Daniel Vance - Disabilities

The Miracle League began in the 1990s in Georgia as a baseball league for children with disabilities. The kids play on accessible fields and have special rules. The League now serves 200,000 children and young adults in 250 affiliate organizations throughout the world.

Teresa Hooper reads this column in the Grand Island (NY) Dispatch. Hooper had proposed an accessible playground for her city four years ago, but funding fell through. Her mother then introduced her to Fran McMahon, a restaurant co-owner who was raising four children with disabilities. Since then, Hooper and McMahon have been working overtime trying to start their own Miracle League.

Hooper’s connection to children with disabilities came through a relative. “My 10-year-old niece Ellie has a huge personality, one that can light up a room,” said 43-year-old Hooper in a telephone interview. “At her birth, doctors gave her only 20 minutes to live. She has only partial lung capacity on both sides of her lung and she uses a wheelchair. She is a miracle in itself.” Hooper has a 7-year-old son anxious to become a “buddy” by pairing up with Ellie or another child with disabilities during Miracle League games.

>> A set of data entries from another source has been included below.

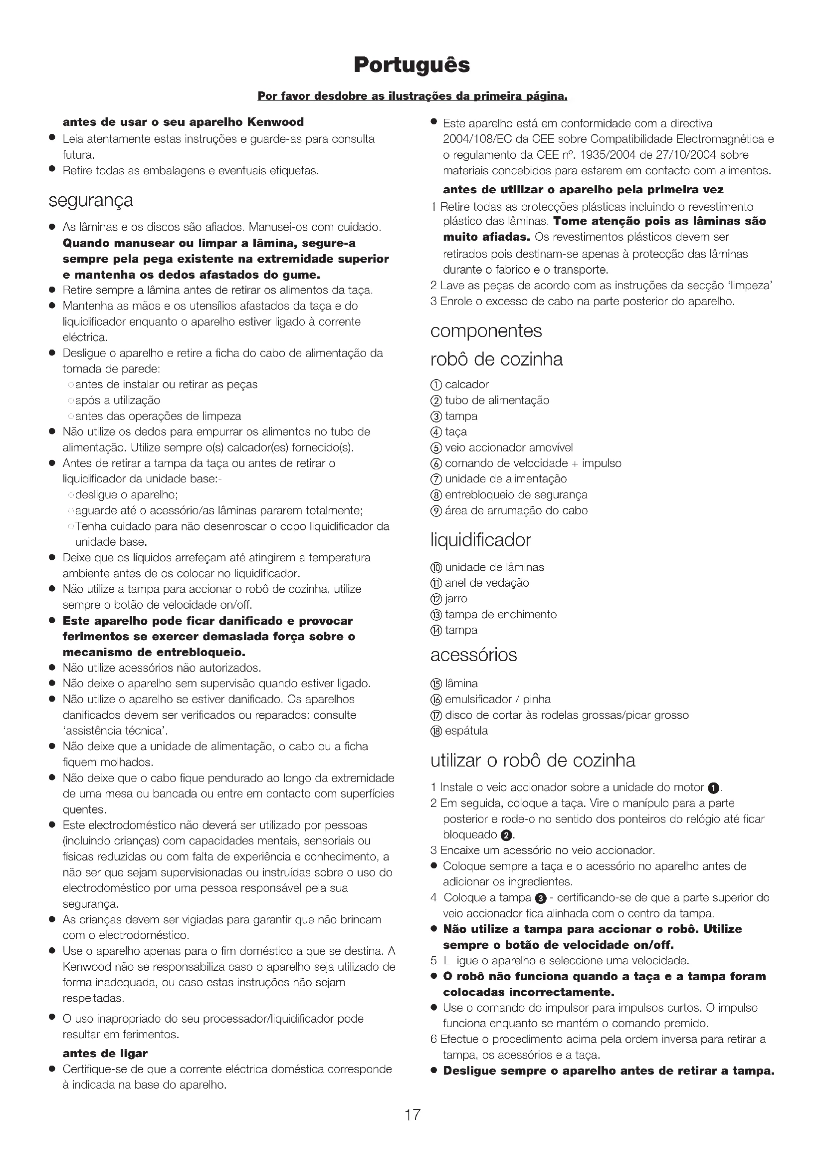 Use o aparelho apenas para o fim doméstico a que se destina. A Kenwood não se responsabiliza caso o aparelho seja utilizado de forma inadequada, ou caso estas instruções não sejam respeitadas.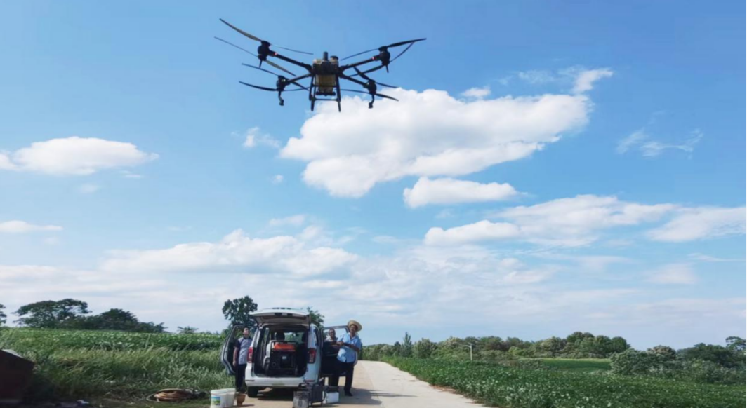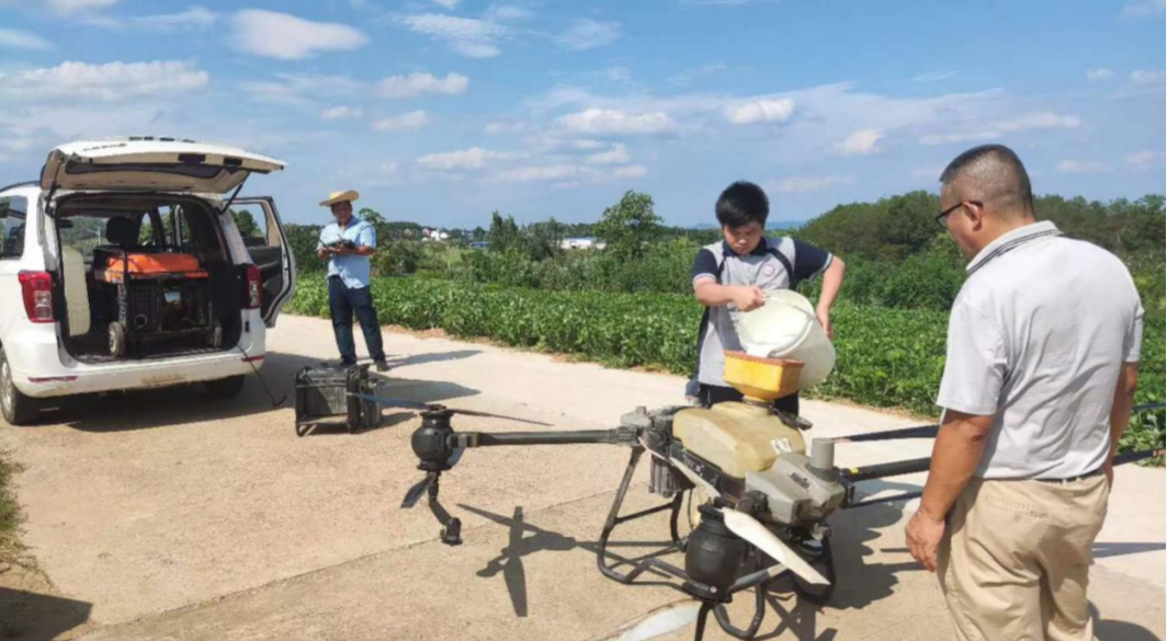 7 月 6 日下午,红安县城关镇中徐家村的上空出现了一道独特的风景线———一架无人机在熟练操作人员的操控下,按照预设的航线和喷洒剂量,穿梭自如地将药物均匀撒向受灾区域。这是城关镇林业站针对中徐家村近日出现的松毛虫灾害所采取的高效防治手段。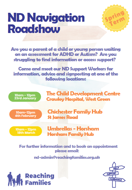 To book an appointment – please email ND-Admin@reachingfamilies.org.uk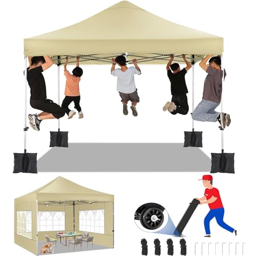 TOOLUCK Gazebo pieghevole 3 x 3, impermeabile, stabile, resistente all'inverno, 2.0, per esterni, pieghevole, protezione UV 50 + 3, regolabile in altezza, tenda per feste con 4 parti laterali e 4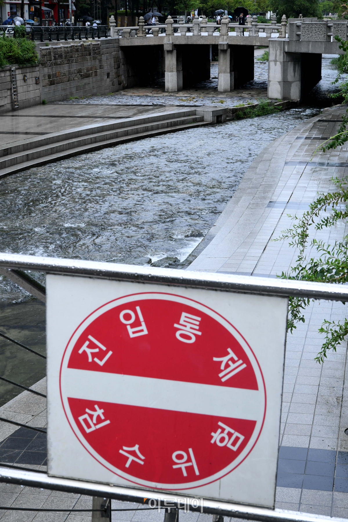 가을 장마전선의 영향으로 서울을 비롯한 전국에 비가 내린 4일 서울 종로구 청계천 산책로의 출입이 통제되고 있다.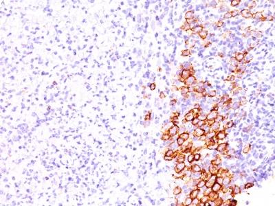 Formalin-fixed, paraffin-embedded human Hodgkin's Lymphoma stained with CD30 Monoclonal Antibody (SPM609).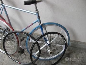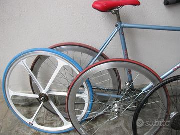 attenzione prezzo abbassato perchè cerchi bianchi con gommatura azzurra non più disponibili . Bicicletta scatto fisso uomo telaio 50x50 (gomme 23-622) , colore blu freno contropedale con 4 cerchi come in foto 2 con gommature e 2 no, euro 200 . solo ritiro diretto zona S.M.Decima . Angelo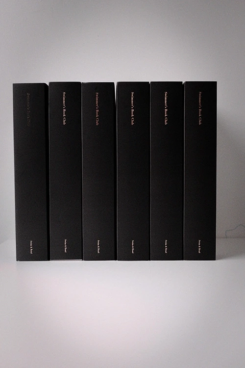 스위머스북클럽의 제품을 담아낼 패키지는 두 가지 종류로 기획되었다. 하나는 파자마를 담을 상자, 다른 하나는 문구 세트를 담을 상자였다. 수영과 책이라는 메시지를 동시에 전달하기 위해 디자이너분과 많은 이야기가 오고 갔다. 그리고 디자이너분이 천재적으로 만들어주신 패키지가 일렁이고 있는 수영장이 담긴 책을 연상케 하는 박스였다. 박스는 정적이며 움직이지 않는 물성을 가지고 있다. 하지만 그런 물성을 벗어나 일렁이고 있는 수영장 바닥을 바라보고 있는 듯한 이미지를 떠올리게 하는 것은 감탄을 자아냈다. 패키지 제작은 최소 수량이 꽤 크기 때문에 시작하는 스몰브랜드가 제작하기는 비용과 재고부담이 크다. 나 또한 예상되는 견적서를 받아 들고 정말 진행하는 맞는 것일까?라는 고민을 했지만 스위머스 북클럽의 메시지를 진심으로 전달하고 싶은 마음이 컸기 때문에, 과감하게 패키지에 투자하기로 했다. 파자마 박스는 사이즈가 크기 때문에 박스의 모양이 무너지지 않게 많은 신경을 썼다. 겉면의 박스 하나와 안쪽에 접어서 들어가는 무광의 하얀 박스가 하나 더 있다. 겉면 패키지의 시안은 수채화 버전이 하나 더 있었지만 깔끔한 현재의 시안으로 가기로 했고, 박스의 등에는 책처럼 스위머스 북클럽의 로고를 새겨 넣었다. 고급스러운 느낌을 일관되게 가지고 가고 싶었기 때문에 글자는 금박으로 인쇄했다. 그리고 예상했던 대로, ‘은’ ‘금’이 들어가는 공정은 다 비용이 비쌌다. 하지만 가능한 한 가장 아름다운 패키지를 제작하고 싶었기 때문에 이 부분도 포기하지 않았다. 이렇게 내 영혼과 돈을 다 갈아 넣었다는(?) 패키지가 탄생되었다.
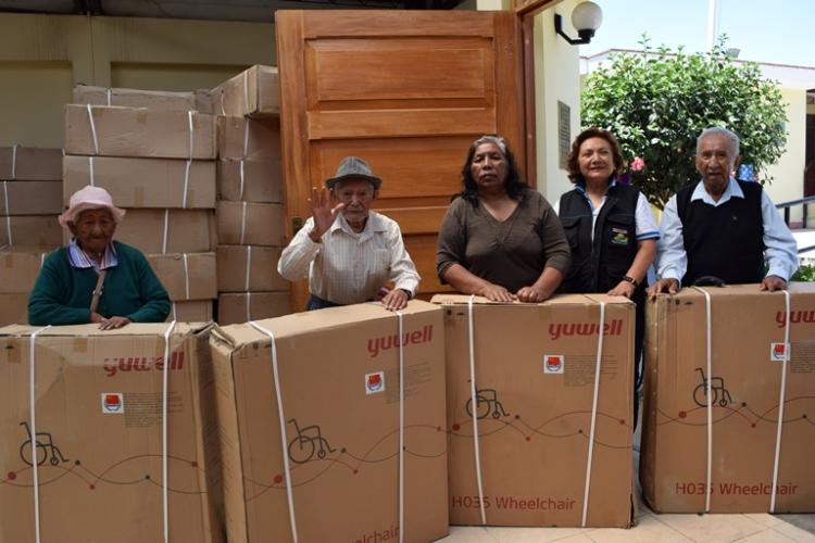 Tacna.- Gracias a una donación de la Beneficencia Pública de Tacna hacia el municipio basadrino, se consiguieron 11 sillas de ruedas que serán entegadas a los adultos mayores y personas con discapacidad.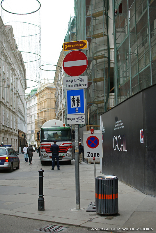 Der Zusatz unter dem Fahrverbotsschild erinnert noch an die alte Linienführung des 2A.

The Grand Island field should be ready by August 1. “The (accessible) field itself would cost $500,000 to build if we had to pay every penny,” she said, “but we have some extremely generous businesses donating machinery, time, and materials.” The Buffalo Sabres NHL hockey team and former players have donated $150,000. The Grand Island Lion’s Club provided a matching grant. Checks arrive almost daily. The national Miracle League organization has helped in many ways.

An accessible field is an absolute must. Kids with mobility disabilities and/or those using wheelchairs or walkers can’t move safely over dirt, grass, and bases. The Miracle has special rules, too. Every player bats and scores once each inning, the players are always safe, each player gets a “buddy” helper, and both teams win.

Her city has about 100 kids ready to play. She said, “We had a benefit dinner on March 12. Some parents brought their children just to introduce them to Miracle League. While watching the videos, many parents just sat there and cried. The kids want to play. My niece is so excited. Every couple days, she calls me to ask, “Has it started yet?”